**EXTRACTED ENTRIES**

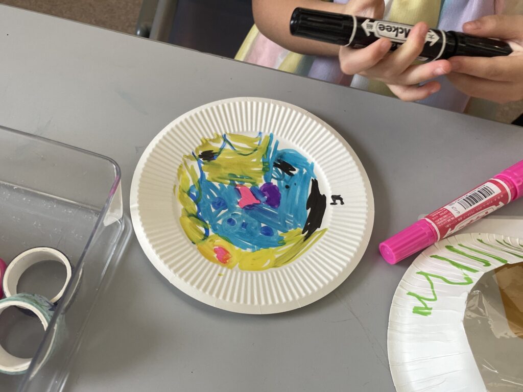 準備ができたら、ペンやマスキングテープで紙皿と紙ボウルをデコレーション🎂🍩🍦
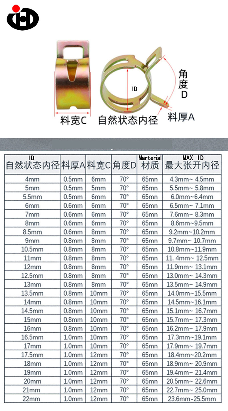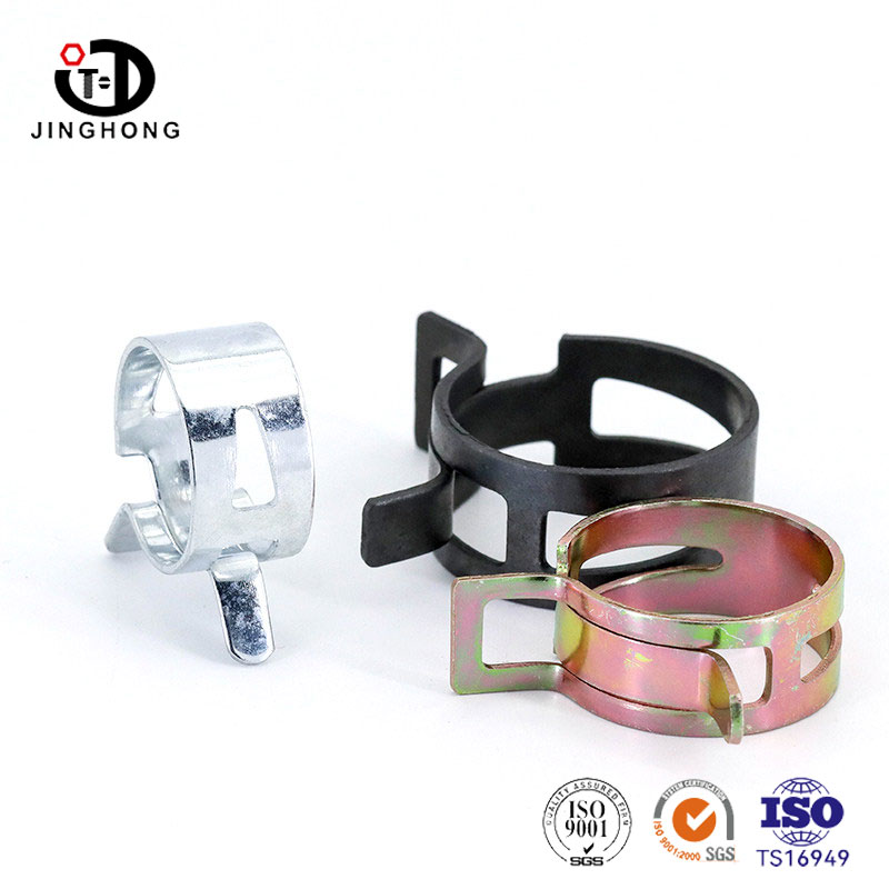 Jinghong specializes in providing Carbon Steel Spring Clamp, made of high-quality 65Mn spring steel with galvanized surface treatment. The product utilizes metal elasticity to form a locking force, which can compensate for fluctuations caused by temperature changes or hose aging. It can be installed by hand without the need for tools.
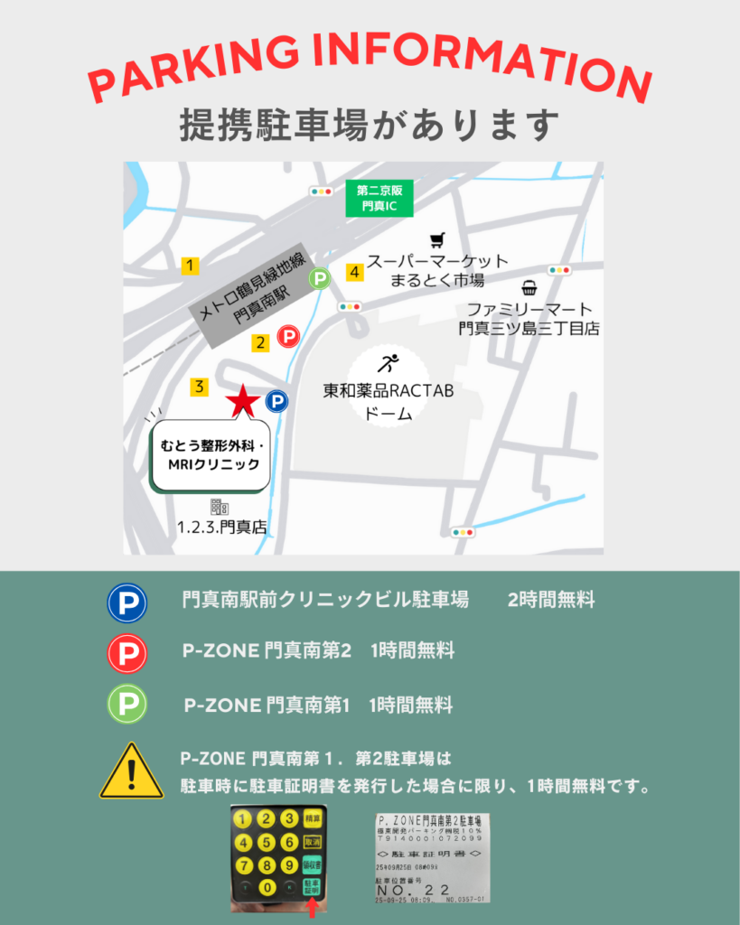 はい、ございます。また、当院の無料駐車場が満車の場合でも、ご安心ください。近隣に提携駐車場をご用意しております。
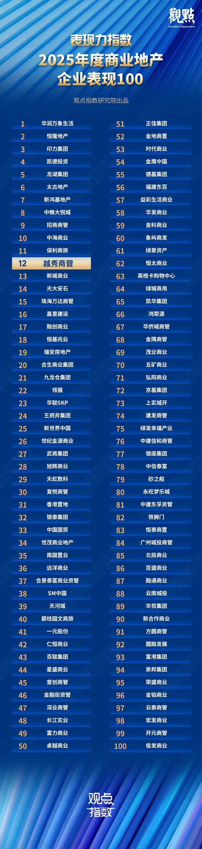 此次荣获2025年度商业地产企业表现TOP12,是行业对越秀商管在资产运营、品牌建设与创新实践等方面综合实力的高度认可。展望未来,越秀商管将继续践行“城市生活合伙人”的定位,通过运营与创新探索,拓宽商业空间的价值边界,共同激发区域活力,与城市共创美好未来。
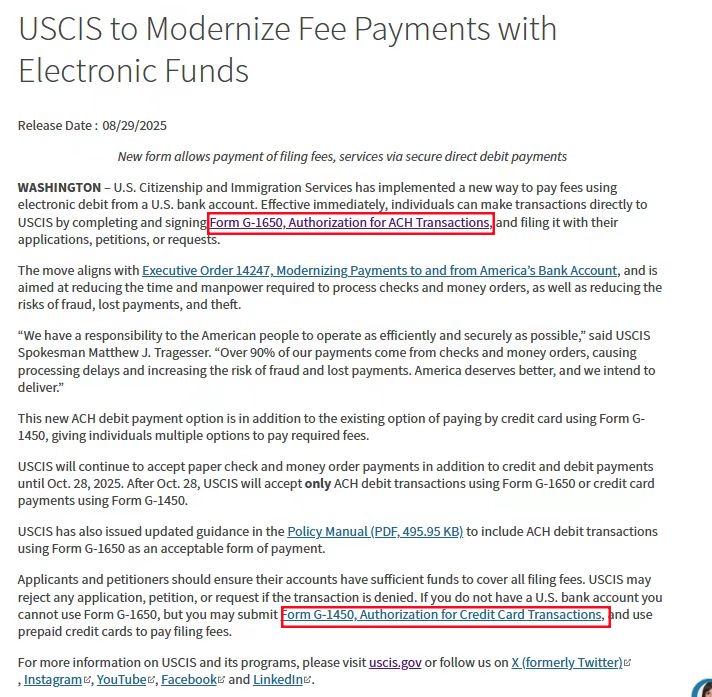 即日起,申请人可通过美国银行账户直接扣款(ACH)完成缴费,但10月28日后,将全面取消纸质(如支票等)支付。

**WORK TASK**
Print the lines from the one that contains "此次荣获2025年度商业地产" through the final line of the material above, exactly and only those, with pictures left out.

**SOLVED EXERCISE**
 此次荣获2025年度商业地产企业表现TOP12,是行业对越秀商管在资产运营、品牌建设与创新实践等方面综合实力的高度认可。展望未来,越秀商管将继续践行“城市生活合伙人”的定位,通过运营与创新探索,拓宽商业空间的价值边界,共同激发区域活力,与城市共创美好未来。
 即日起,申请人可通过美国银行账户直接扣款(ACH)完成缴费,但10月28日后,将全面取消纸质(如支票等)支付。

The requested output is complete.